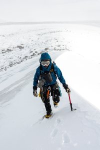 Jag har inte vart upp på keb. Men antar att det är liknande som att gå från liftstationen på aig du midi sommartid. Guiderna går med rep där. Personligen föredrar jag utan, då är det ju iallafall inte samma risk att bli nerdragen av nån annan.
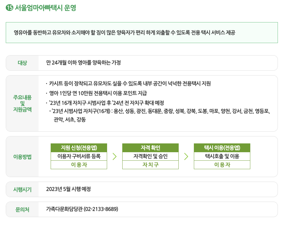 영유아를 동반하여 많은 짐을 가지고 이동해야 하는 양육자와 아이를 위하여 편하게 이용할 수 있는 전용 택시를 제공하는 서비스입니다.
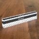 Personalised black and white polka dot pattern name plate. Black polka dots on a white background and a black band in the middle with your custom name.
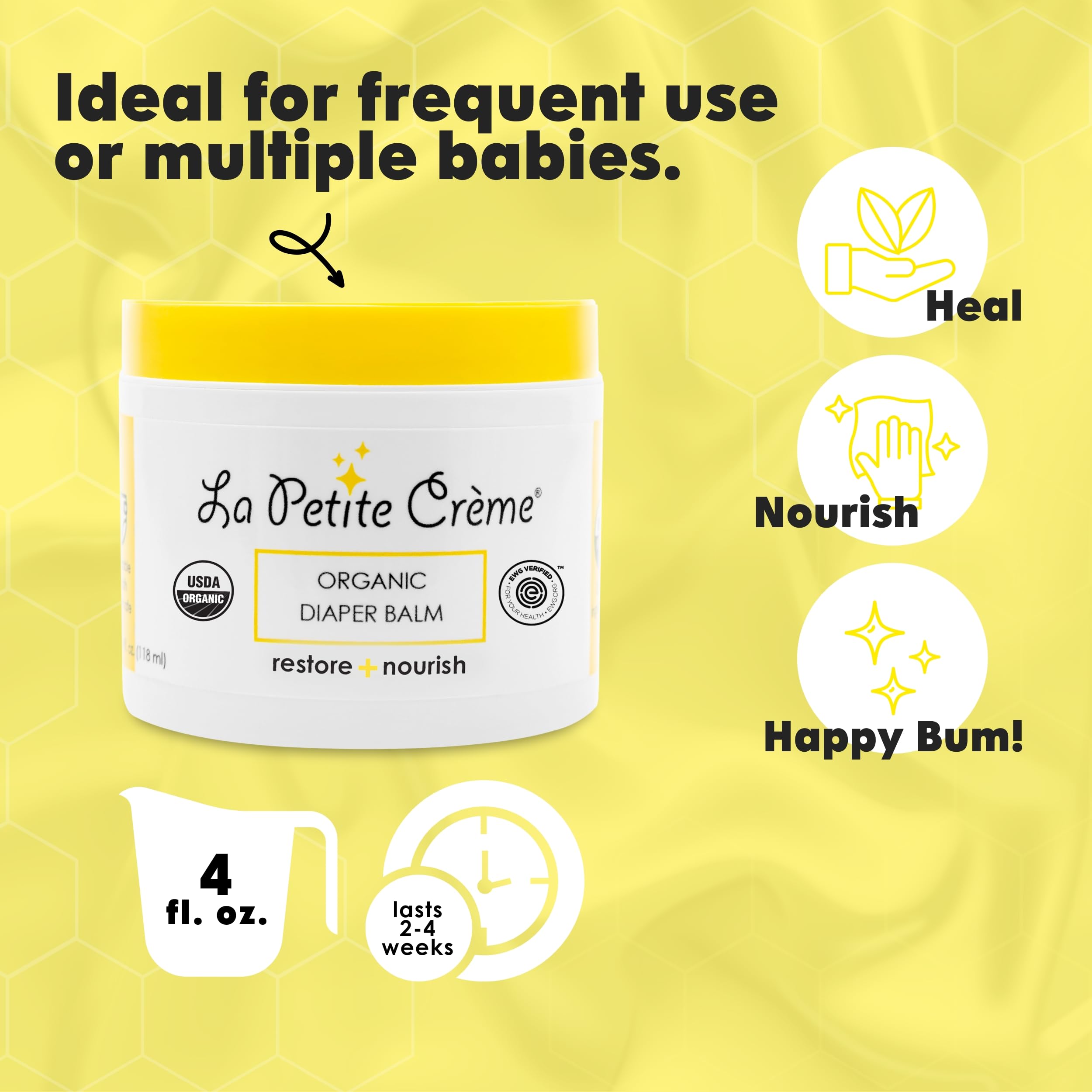 Easy to Apply: Our baby butt cream is simple to use, just apply a generous layer of the balm to heal and moisturize dry skin with your fingers or a cotton ball. An ounce of our baby butt paste lasts for up to 1-2 months. For the best outcomes, use this baby diaper cream after cleaning with La Petite Creme diapering lotion.

·····

» What to work on: Without the images, write out each line of the data verbatim.

» Your response:
 Jag har inte vart upp på keb. Men antar att det är liknande som att gå från liftstationen på aig du midi sommartid. Guiderna går med rep där. Personligen föredrar jag utan, då är det ju iallafall inte samma risk att bli nerdragen av nån annan.
 영유아를 동반하여 많은 짐을 가지고 이동해야 하는 양육자와 아이를 위하여 편하게 이용할 수 있는 전용 택시를 제공하는 서비스입니다.
 Personalised black and white polka dot pattern name plate. Black polka dots on a white background and a black band in the middle with your custom name.
 Easy to Apply: Our baby butt cream is simple to use, just apply a generous layer of the balm to heal and moisturize dry skin with your fingers or a cotton ball. An ounce of our baby butt paste lasts for up to 1-2 months. For the best outcomes, use this baby diaper cream after cleaning with La Petite Creme diapering lotion.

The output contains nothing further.